# Your objective
Return all of the entries word for word, but omit the pictures they contain.

[Records from a data collection]

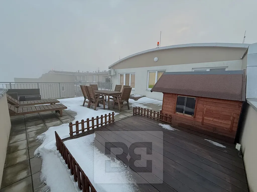 Nabízíme k pronájmu krásný, světlý byt 3+kk o velikosti 63m², situovaný v nejvyšším patře pečlivě udržovaného bytového domu na kraji Klecan. Dominantou bytu je obrovská 64m2 terasa s platformou pro vířivku. K bytu náleží venkovní parkovací stání a úložná komora přímo na patře bytu.
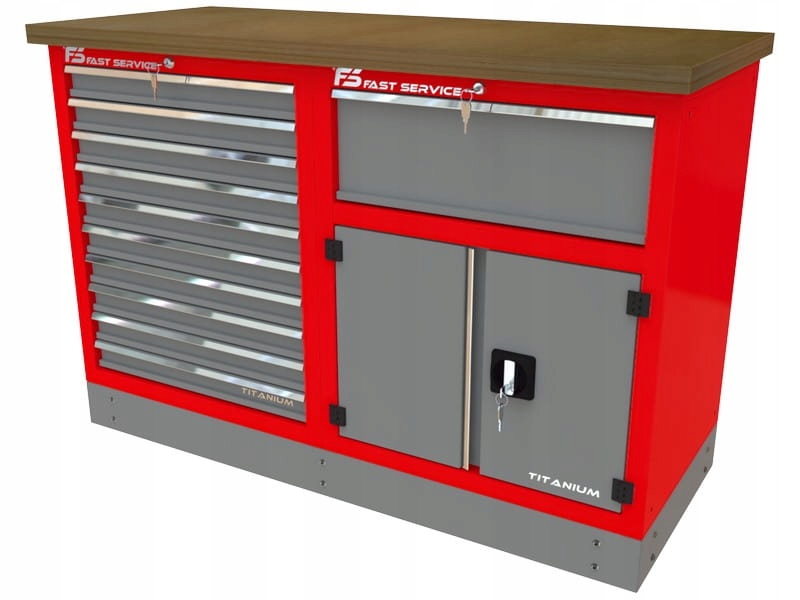 Столешница изготовлена из многослойной пропитанной фанеры твердых пород толщиной 40 мм. Прочная столешница для тяжелой работы, особенно в тисках. Вес самой столешницы у столов шириной 1400 мм составляет примерно 20 кг, у столов шириной примерно 2000 мм - более 30 кг
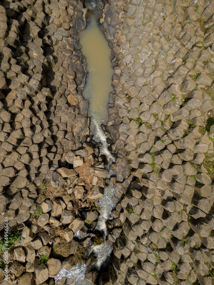 Basaltic prisms in Huasca de Ocampo. Ecotourism concept. Geological formations.
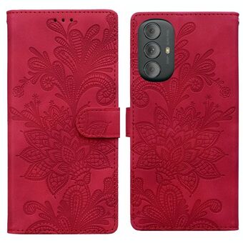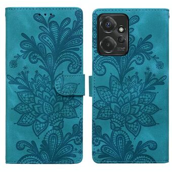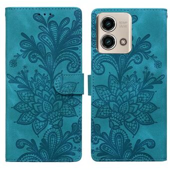 Θήκη κινητού τηλεφώνου με μαγνητικό κούμπωμα και λουρί καρπού από δερματίνη (PU) με δαντελένια λουλουδάτα ανάγλυφα για Motorola Moto G 5G 2023 (Πράσινο)
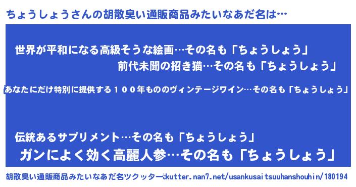 | 意味不明あだ名 | 『住所不定無職ちょうしょう(10歳)』 |
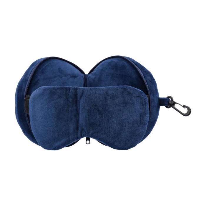 Almohada de viaje fabricada en poliéster, con un relleno que combina poliéster suave y algodón PP, diseñada para ofrecer comodidad en cada trayecto. Incluye un antifaz que facilita el descanso, permitiendo un sueño reparador incluso en movimiento. La almohada se cierra con una cremallera, asegurando que el relleno se mantenga en su lugar. Un mosquetón de PP permite sujetarla fácilmente a cualquier equipaje, evitando pérdidas y facilitando su transporte. Ideal para empresas que buscan mejorar la experiencia de viaje de sus empleados o como un regalo corporativo práctico y funcional.
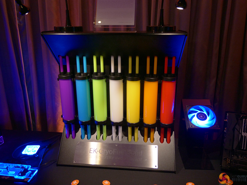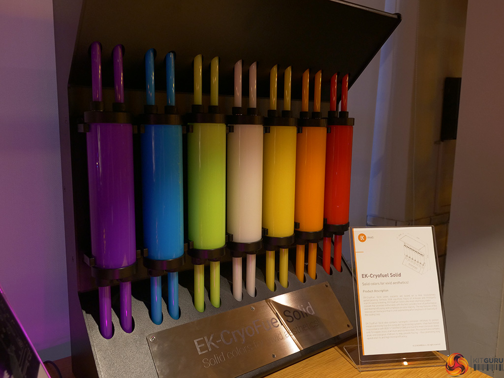 Finally, we get to all new coolant. EK-Cyrofuel is a solid pastel coolant and extensive testing has taken place to ensure it is not abrasive. It's a big claim, and the coolant looks very impressive. You'll be able to get Cyrofuel later this year in purple, green, blue, white, yellow, orange or red.
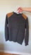 DESCRIPTION: Classic Cotton Crew neck Ribbed Knit Sweater with Standout Leather Shoulder Patches. Grey.
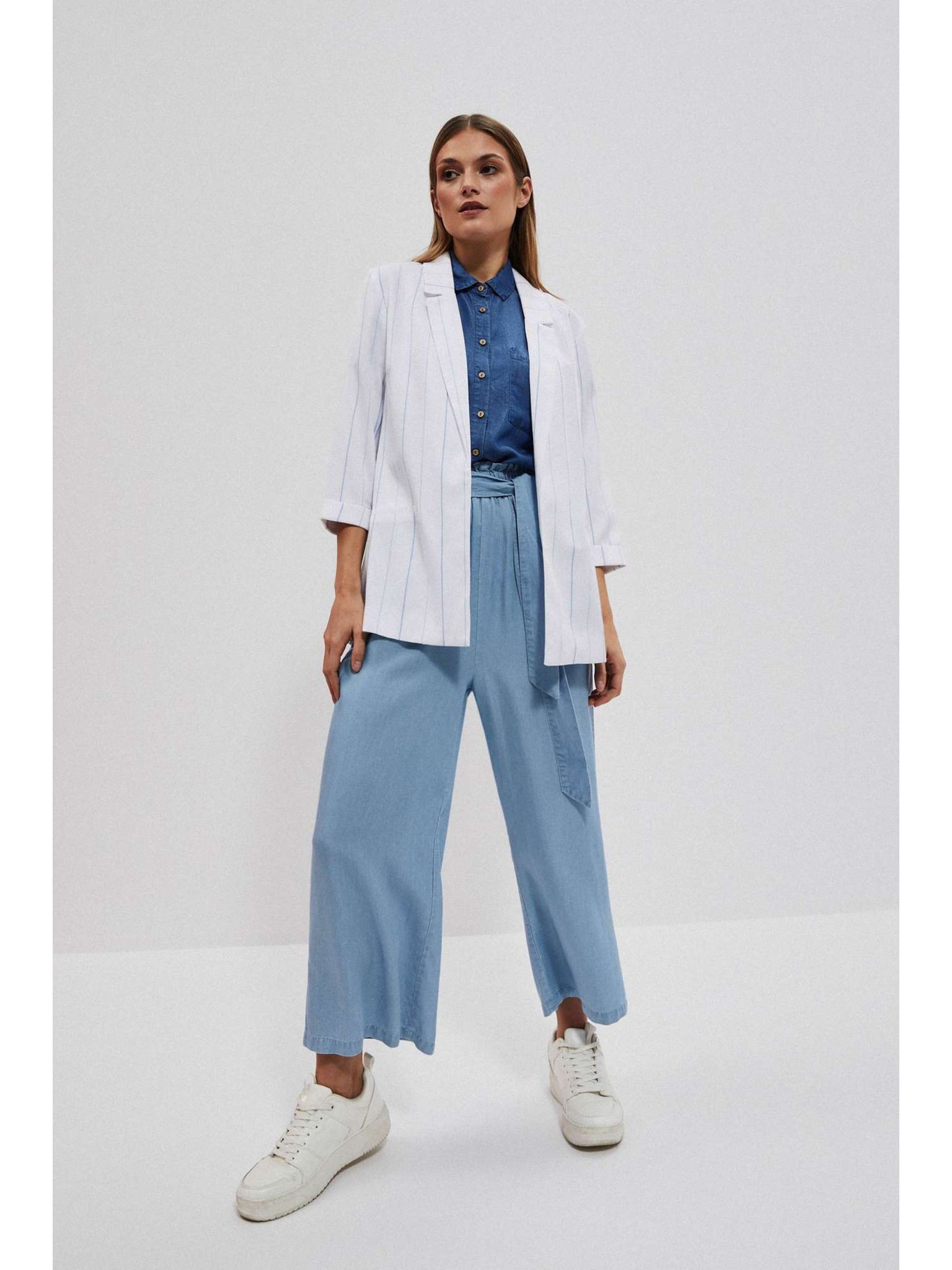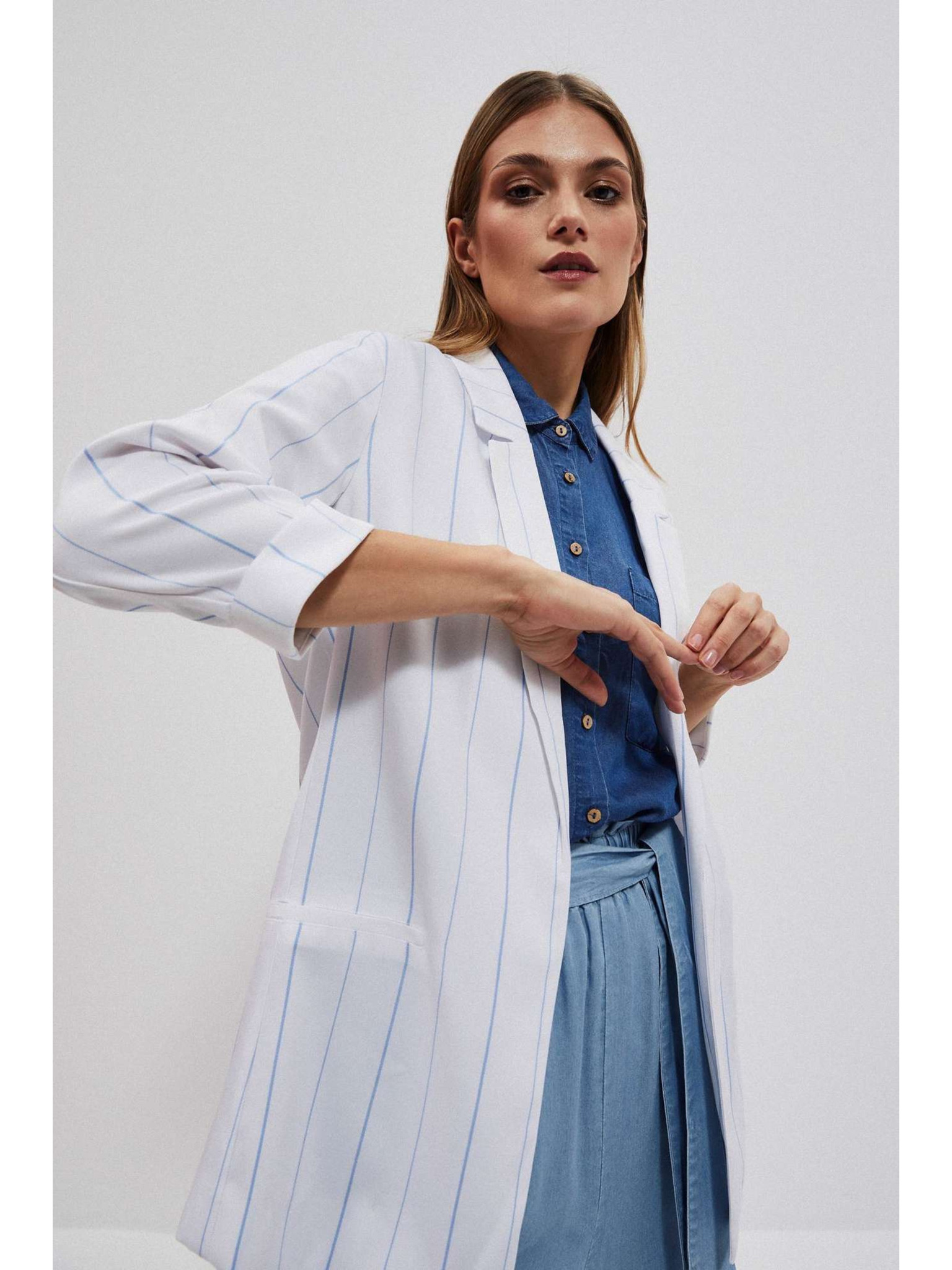 Viskózové sako s pruhy bílé Moodo
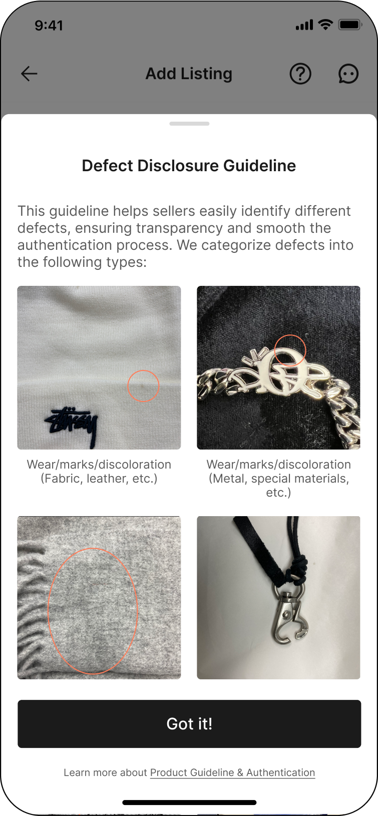 คลิกไอคอน 'ⓘ' เพื่อดูแนวทางการในการถ่ายภาพตำหนิของสินค้า
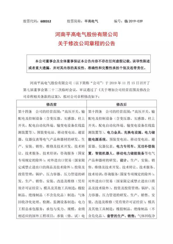 中國儲能網訊:11月15日晚間,平高電氣發(fā)布公告,公司董事會于當日審議通過了《關于增加公司經營范圍及修改公司章程相關條款的議案》,增加的營業(yè)范圍包括電力儲能電源系統(tǒng)、智能機器人和移動電力儲能裝備等項。
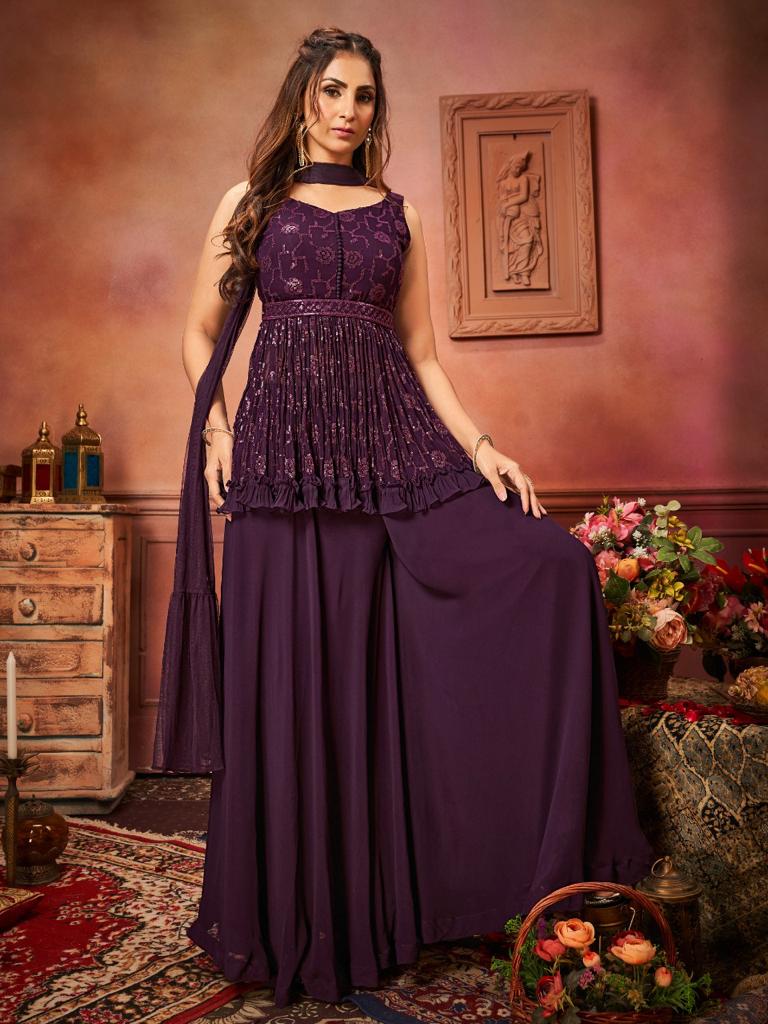 Fancy neck style Dupatta sequence work on top and Georgett Plazo. It comes in a deep purple color.
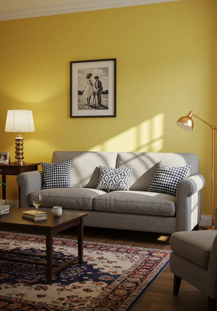 For a living room that is full of cheerful, optimistic, and welcoming energy, a warm, sunny yellow is a fantastic choice. A soft, buttery yellow on the walls can make a room feel like it is filled with sunlight, even on a cloudy day. It’s a color that is inherently happy and is wonderful for a family living room.
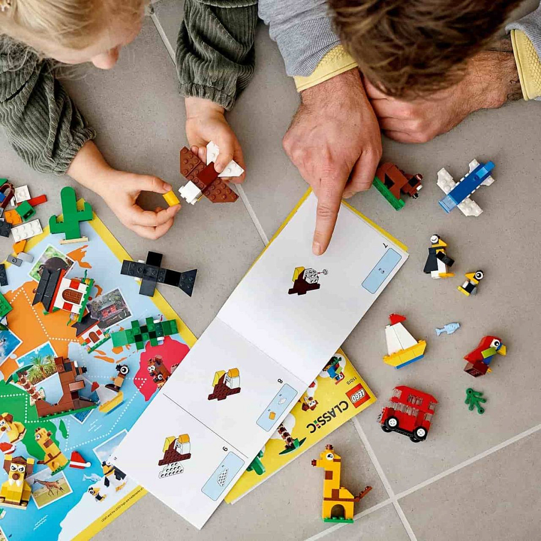 В наборе «Вокруг света» LEGO Classic (11015) представлено 15 идей для сборки, основанных на знаменитых животных и объектах со всего мира. Дети также получают красочную настенную карту, показывающую родной континент каждого животного и растения. Широкий ассортимент элементов LEGO и множество дополнительных кубиков в коробке дают зеленый свет открытому творчеству.

# Result
 Nabízíme k pronájmu krásný, světlý byt 3+kk o velikosti 63m², situovaný v nejvyšším patře pečlivě udržovaného bytového domu na kraji Klecan. Dominantou bytu je obrovská 64m2 terasa s platformou pro vířivku. K bytu náleží venkovní parkovací stání a úložná komora přímo na patře bytu.
 Столешница изготовлена из многослойной пропитанной фанеры твердых пород толщиной 40 мм. Прочная столешница для тяжелой работы, особенно в тисках. Вес самой столешницы у столов шириной 1400 мм составляет примерно 20 кг, у столов шириной примерно 2000 мм - более 30 кг
 Basaltic prisms in Huasca de Ocampo. Ecotourism concept. Geological formations.
 Θήκη κινητού τηλεφώνου με μαγνητικό κούμπωμα και λουρί καρπού από δερματίνη (PU) με δαντελένια λουλουδάτα ανάγλυφα για Motorola Moto G 5G 2023 (Πράσινο)
 | 意味不明あだ名 | 『住所不定無職ちょうしょう(10歳)』 |
 Almohada de viaje fabricada en poliéster, con un relleno que combina poliéster suave y algodón PP, diseñada para ofrecer comodidad en cada trayecto. Incluye un antifaz que facilita el descanso, permitiendo un sueño reparador incluso en movimiento. La almohada se cierra con una cremallera, asegurando que el relleno se mantenga en su lugar. Un mosquetón de PP permite sujetarla fácilmente a cualquier equipaje, evitando pérdidas y facilitando su transporte. Ideal para empresas que buscan mejorar la experiencia de viaje de sus empleados o como un regalo corporativo práctico y funcional.
 Finally, we get to all new coolant. EK-Cyrofuel is a solid pastel coolant and extensive testing has taken place to ensure it is not abrasive. It's a big claim, and the coolant looks very impressive. You'll be able to get Cyrofuel later this year in purple, green, blue, white, yellow, orange or red.
 DESCRIPTION: Classic Cotton Crew neck Ribbed Knit Sweater with Standout Leather Shoulder Patches. Grey.
 Viskózové sako s pruhy bílé Moodo
 คลิกไอคอน 'ⓘ' เพื่อดูแนวทางการในการถ่ายภาพตำหนิของสินค้า
 中國儲能網訊:11月15日晚間,平高電氣發(fā)布公告,公司董事會于當日審議通過了《關于增加公司經營范圍及修改公司章程相關條款的議案》,增加的營業(yè)范圍包括電力儲能電源系統(tǒng)、智能機器人和移動電力儲能裝備等項。
 Fancy neck style Dupatta sequence work on top and Georgett Plazo. It comes in a deep purple color.
 For a living room that is full of cheerful, optimistic, and welcoming energy, a warm, sunny yellow is a fantastic choice. A soft, buttery yellow on the walls can make a room feel like it is filled with sunlight, even on a cloudy day. It’s a color that is inherently happy and is wonderful for a family living room.
 В наборе «Вокруг света» LEGO Classic (11015) представлено 15 идей для сборки, основанных на знаменитых животных и объектах со всего мира. Дети также получают красочную настенную карту, показывающую родной континент каждого животного и растения. Широкий ассортимент элементов LEGO и множество дополнительных кубиков в коробке дают зеленый свет открытому творчеству.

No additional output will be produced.